What small molecule is not an organic molecule but is absolutely essential for life? List 7 properties
of this substance that allow life to exist. Describe why each of these properties is important to life.
What are the 4 most common elements that, together, make up about 96% of living mass?
What element forms the backbone of all organic molecules. Give 4 reasons why this element can do
this.
How are the terms monomer and polymer used to describe the way organic molecules are made?
List the 4 major groups of organic molecules, then for each list the monomer that they are formed
from and the primary functions.
List the 3 parts of the cell theory. What is the difference between spontaneous generation and
biogenesis?
Explain the most important reason that cells cannot be large. How can organisms be large and still
have a large cell surface area to volume ratio?
How are prokaryotic cells different from eukaryotic cells? Which is smaller? Which is older?
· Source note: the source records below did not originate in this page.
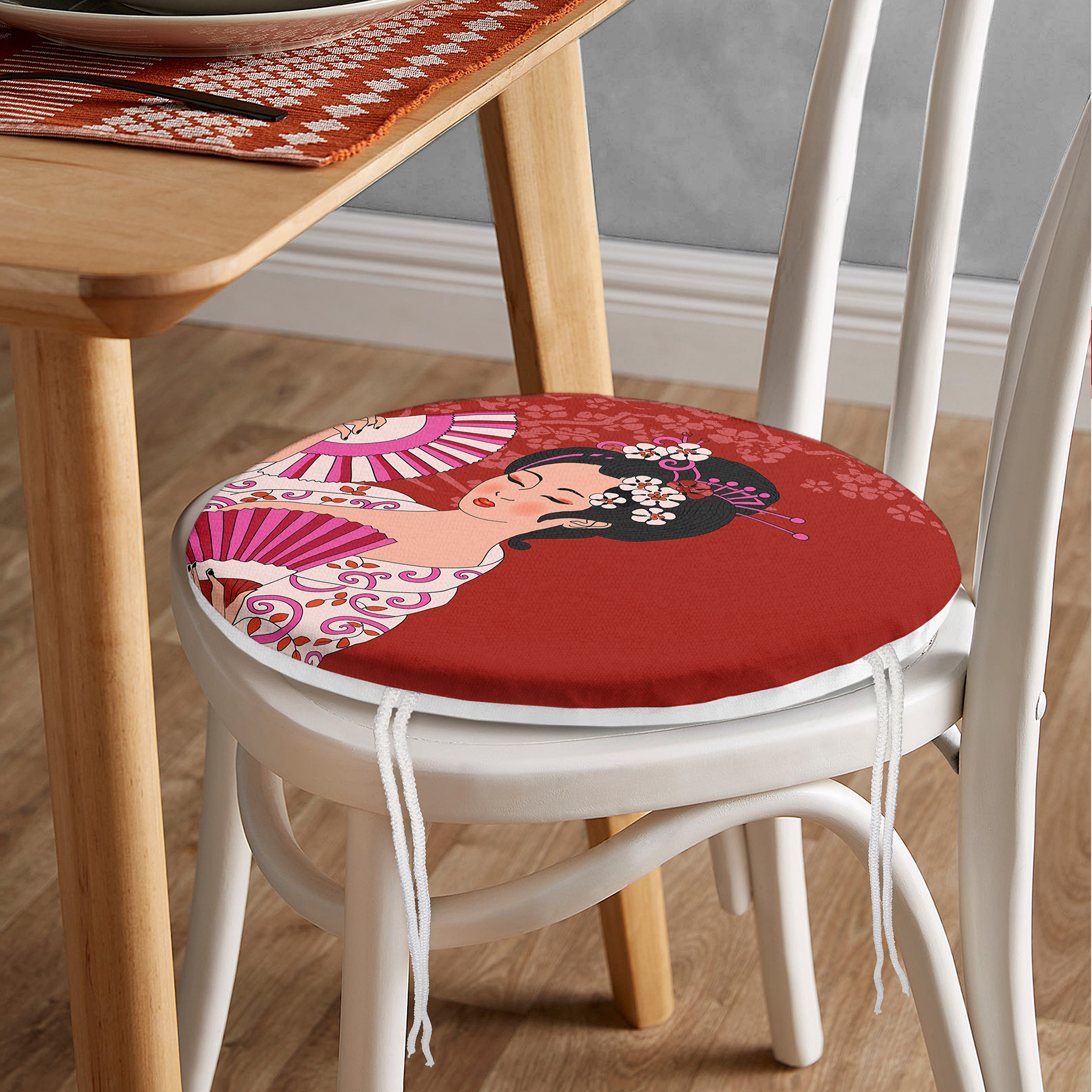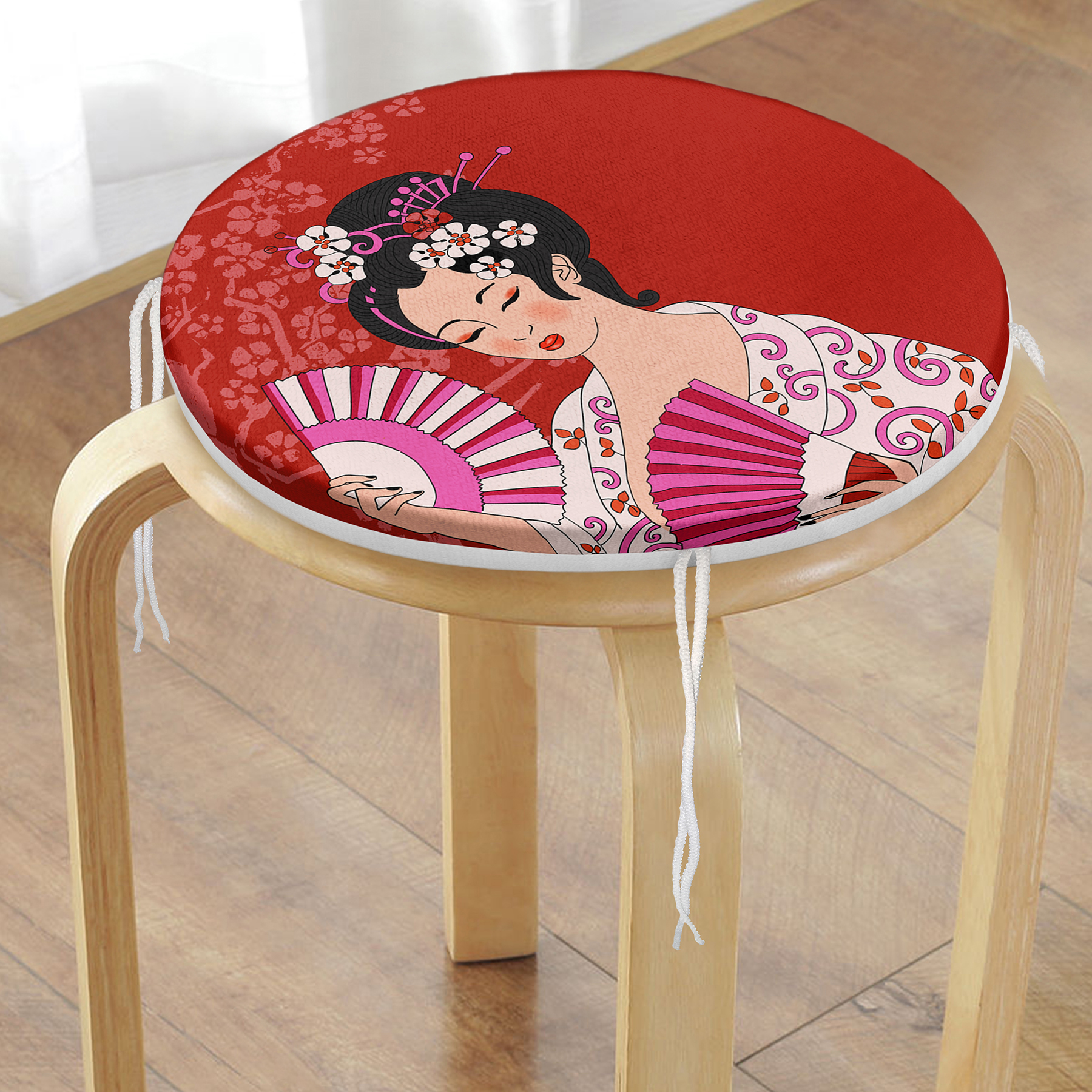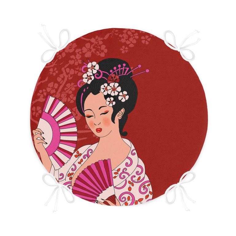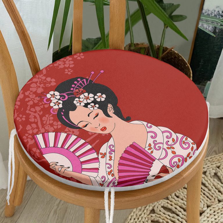 Kırmızı Zeminli Pembe Yelpazeli Japon Kız Dijital Baskılı Yuvarlak Fermuarlı Sandalye Minderi
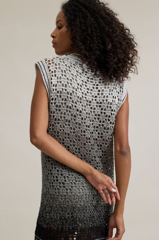 Execução: Frente e costas – São começadas juntas até a cava. A peça é toda trabalhada com 4 fios juntos. Com a ag. nº 4,0mm e 4 fios juntos Cordonê cor Preto, faça uma corr. de 180 p. feche em círculo com 1 p. bx. e trabalhe em p. fantasia seguindo o gráfico. Feche todas as carr. com 1 p. bx. e inicie a próxima carr. com 3 corr.. Continue o trabalho com 4 fios juntos na seguinte ordem de cores: 4 carr. com o fio Cordonê cor Preto, 4 carr. com o fio Cordonê 3 fios cor preto e 1 fio cor Anoitecer, 4 carr. com Cordonê 2 fios cor preto e 2 fios cor Anoitecer, 4 carr. com Cordonê 3 fios cor Anoitecer 1 fio Preto, 4 carr. com Cordonê 4 fios cor Anoitecer, 4 carr. com Cordonê 3 fios anoitecer 1 fio Cocar, 4 carr. com Cordonê 2 fios cor anoitecer 2 fios Cocar, 4 carr. com Cordonê 1 fio cor anoitecer e 3 fio cor cocar, 4 carr. com Cordonê cor Cocar, 4 carr. com Cordonê 3 fios Cocar 1 fios cor radiante, 4 carr. com Cordonê 2 fios Cocar 2 fio Prata Radiante, 4 carr. com Cordonê 1 fio Cocar 3 fios cor Prata Radiante, 12 carr. com Cordonê 4 fios cor Prata Radiante. Ao mesmo tempo a 48 cm do início, divida o trabalho em duas partes iguais (frente/Costas).
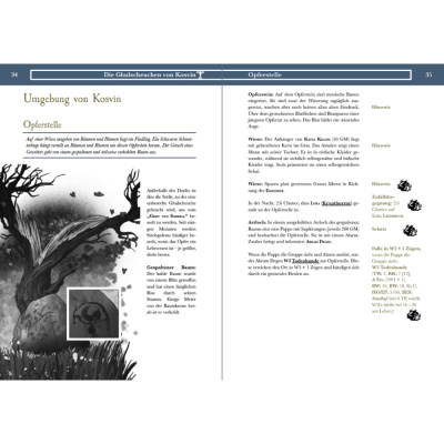 - Zeitleisten, um den Aufenthalt in Kosvin mit immer neuen Ereignissen zu gestalten, aber auch die Hinweise sich verdichten zu lassen. Hinweis-, Schatz-, NSC-Übersichten und ein Beziehungsgeflecht, um der Spielleitung einen guten Überblick zu geben
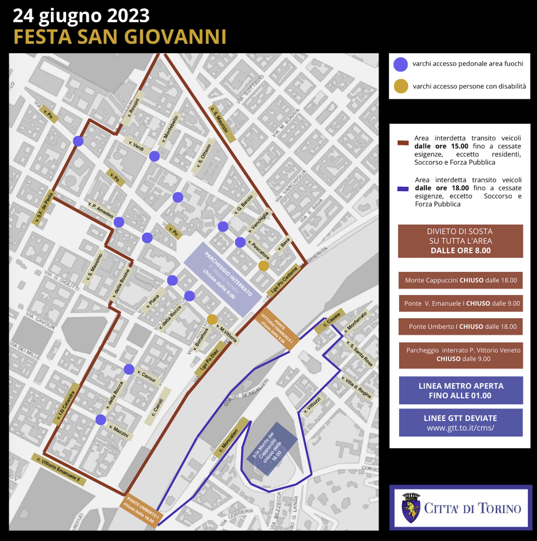 Dalle ore 15 di sabato 24 giugno e sino a cessate esigenze, e comunque sino a quando sarà rilevata presenza di pubblico, sarà vietata la somministrazione, la vendita, il consumo e la detenzione in luogo pubblico per asporto di bevande con contenitori idonei all’offesa della persona nelle vie racchiuse all'interno dell'area perimetrata dalle seguenti vie: lungo Po Cadorna; lungo Po Diaz; corso Cairoli; corso Vittorio Emanuele II (tratto compreso tra corso Cairoli e via della Rocca); via della Rocca (tratto compreso tra corso Vittorio Emanuele II e via Maria Vittoria); via Maria Vittoria (tratto compreso tra via della Rocca e piazza Carlo Emanuele II); piazza Carlo Emanuele II; via Maria Vittoria (tratto compreso tra piazza Carlo Emanuele II e via San Francesco da Paola); via San Francesco da Paola (tratto compreso tra via Maria Vittoria e via Po); via Po (tratto compreso tra le vie San Francesco da Paola / Vasco e piazza Castello); via Verdi; corso San Maurizio (tratto compreso tra via Verdi e lungo Po Cadorna).
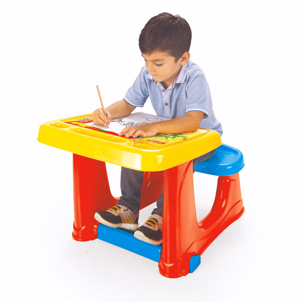 Стол отлично смывает следы фломастеров, пластилина, красок и другие следы после творчества ребенка. Так же продуман наклон стола для того чтобы ребенок ровно сидел и не горбился. Стульчик широкий, поэтому у ребенка не будут передавливаться ножки. Под столешницей расположена балка цилиндрической формы, благодаря которой ребенок будет упираться ножками и не портить спину при сидении.
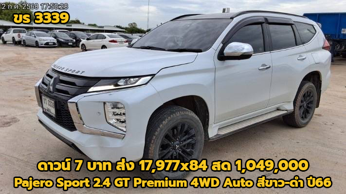 16/08/2025 | SIA กทม.ถึง 21/8/68 ตรวจแล้ว 22/8/68 พี่หนึ่ง | ดาวน์ 7 บาท ส่ง 17,977x84 สด 1,049,000 (T.93) ผลต่าง KKP:46000; ผลต่าง KA:205000; ผลต่าง TTB:181000; | ขร 3339 ระยอง // ขพ 2674 อุดร | แวน 7 ที่นั่ง | MITSUBISHI Pajero Sport 2.4 GT Premium 4WD Auto สีขาว-ดำ ปี66 เกียร์ออโต้ | ดงลิง | เข้าใหม่ | ได้รับแล้ว 04/09/2568 | |
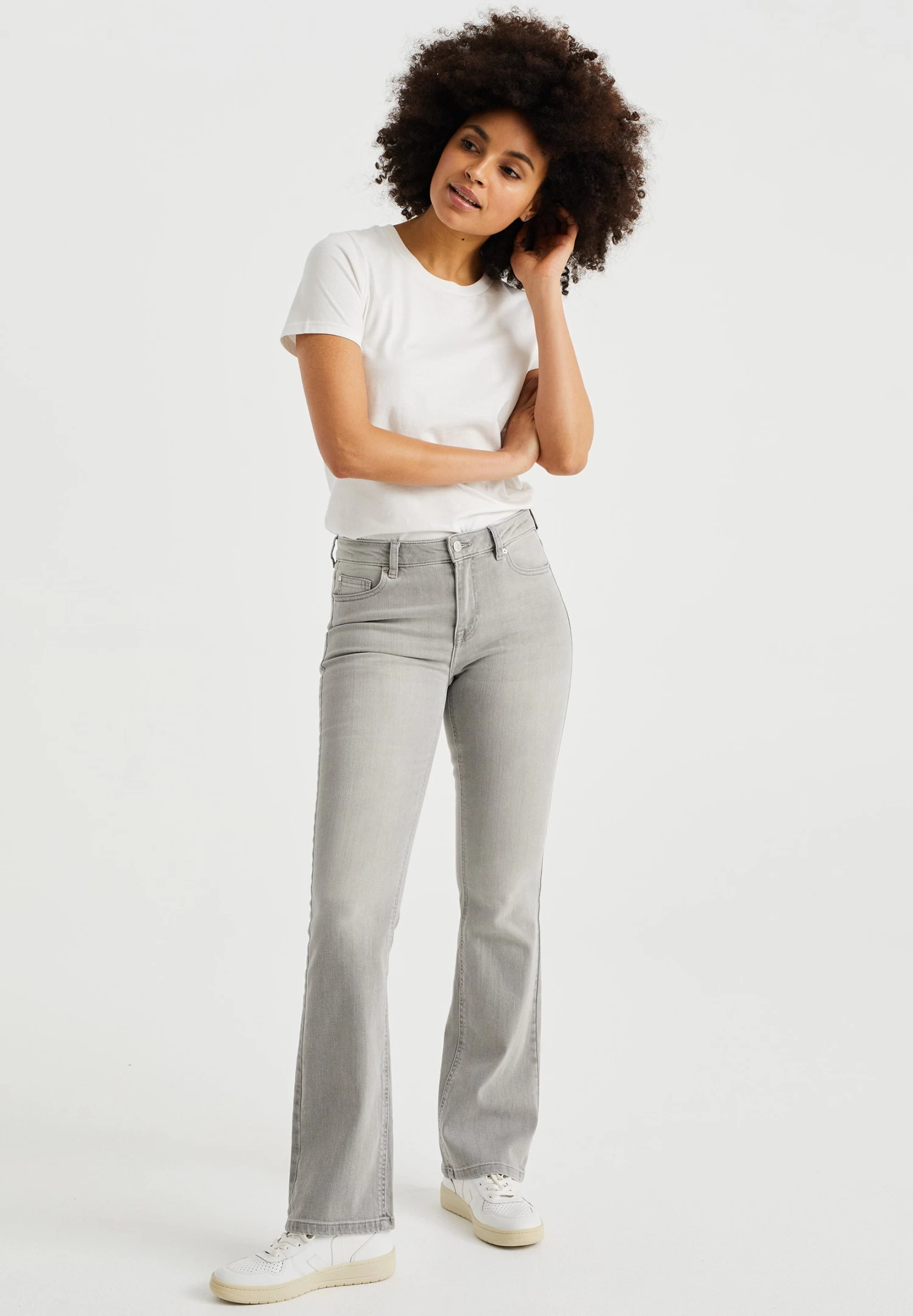 WE FASHION Mid Rise Met Comfort-Stretch – Bootcut Jeans – Grey
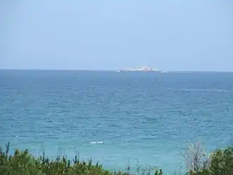 - St. Croix Island at 33°47′58″S 25°46′11″E / 33.79944°S 25.76972°E is 3.9 km (2+3⁄8 mi) from the nearest land and rises to 59 m (194 ft).[7] The BirdLife fact sheet states the 12 ha (30-acre) island is only 58 m (190 ft) above sea level. It adds that the island is rocky and “supports minimal vegetation”. The island runs 700 m (2,300 ft) along a northwest, southeast axis and is about 360 m (1,180 ft) wide at its broadest – along the west coast. Its highest point is halfway along the north coast.
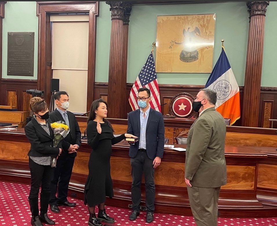 Julie Won is sworn in as council member for the 26th Council District at City Hall (Council Member Julie Won via Twitter)
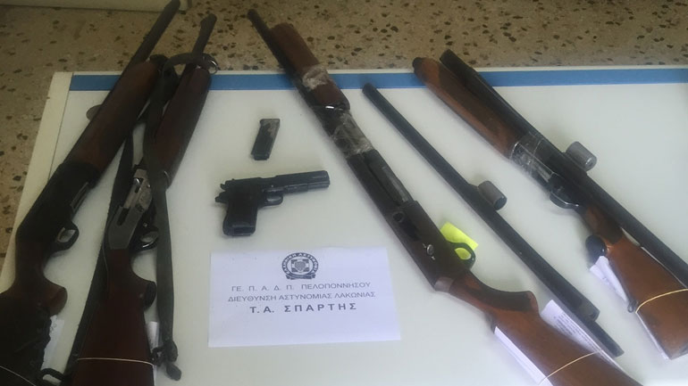 Συνελήφθησαν την Τρίτη σε τοπικές κοινότητες του Δήμου Ανατολικής Μάνης Λακωνίας, σε δύο ξεχωριστές περιπτώσεις, από αστυνομικούς του Τμήματος Ασφαλείας Σπάρτης, με τη συνδρομή αστυνομικών της Ομάδας Πρόληψης και Καταστολής Εγκληματικότητας (Ο.Π.Κ.Ε.) τρεις Έλληνες, ηλικίας 68, 33 και 32 ετών, για παράβαση της νομοθεσίας περί όπλων.
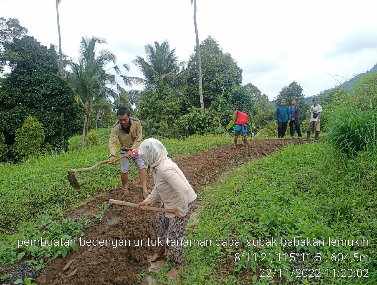 Bedengan adalah area tanam atau tempat tumbuh tanaman yang sudah diolah. Pada hari ini Selasa, 22 November 2022 PPL Wilbin Desa Lemukih melakukan pendampingan pembuatan bedengan oleh Bapak Ketut Kanaya di Subak Babakan Lemukih untuk budidaya tanaman cabai seluas 0.5 ha. Tahapan yang dilakukan pertama kali yaitu menggemburkan tanah dengan cara mencangkul dengan kedalaman kurang lebih 25 cm. Kedalaman tersebut bertujuan agar tanah menjadi gembur hingga kedalam tanah dan untuk memudahkan perkembangan akar tanaman sehingga dapat tumbuh. Ukuran bedengan pada lahan cabai biasanya memiliki lebar 100 cm. panjangnya disesuaikan dengan kondisi tanah, tinggi bedengan kurang lebih 20 cm dan jarak antar bedengan 50 cm. Penentuan jarak tersebut bertujuan agar jarak antara bedeng tetap rapi dan tidak terlalu dekat sehingga jarak tersebut bisa dijadikan tempat untuk berjalan. Fungsi bedengan tersebut adalah untuk memudahkan pembuangan air hujan, melalui selokan, memudahkan meresapnya air hujan maupun air penyiraman ke dalam tanah serta memudahkan untuk proses pemeliharaan tanaman.
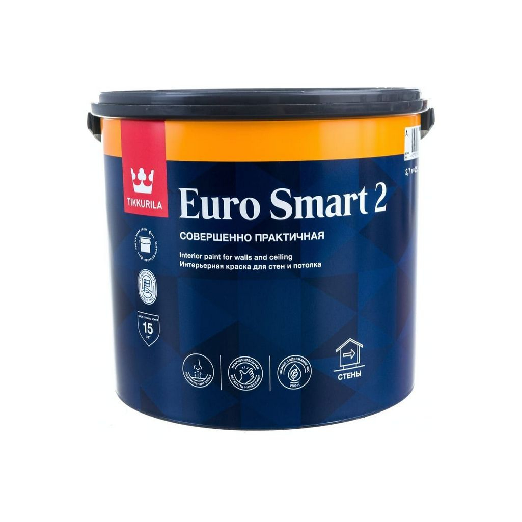 - Краска TIKKURILA EURO SMART 2 интерьерная, для стен и потолков 2,7л
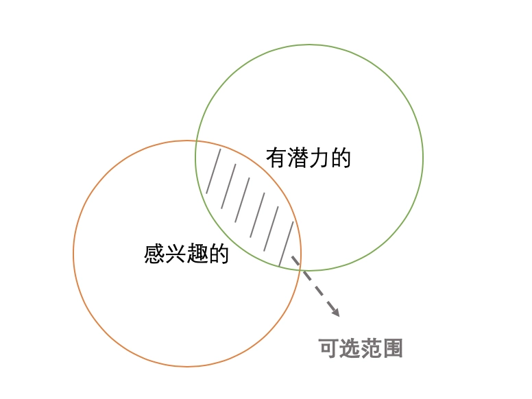 因此,在这一时期的关键在于,在个人兴趣与未来潜力两者结合处确定自身的中心定位。具体来说,在下图所示的位置上确定核心

Which type cell is found in each of the five kingdoms of living things (bacteria, protists, fungi, plants,
animals)?
What is an advantage of being multicellular?
List 11 parts that are common to all eukaryotic cells. Give the most important job of each part.
Describe the structure of the plasma membrane (and all cell membranes).
Describe 4 functions of the plasma proteins.
Which parts make up the endomembrane system?
Describe the endosymbiotic hypothesis. What 2 organelles (cell parts) may have originated this way?
Describe 2 structures that are found in plant cells but not animal cells and tell why they are important.
How is passive transport across a cell membrane different from active transport? List an example of
each.
Define the term “concentration gradient“. Why is this important?
Describe how osmosis occurs in different solutions (hypotonic, isotonic and hypertonic).
A cell that has cytoplasm that is 7% solute is placed in a solution that is 9% solute. Which (the
cytoplasm or the solution) is hypotonic and which is hypertonic?
Describe how osmosis will occur in this situation.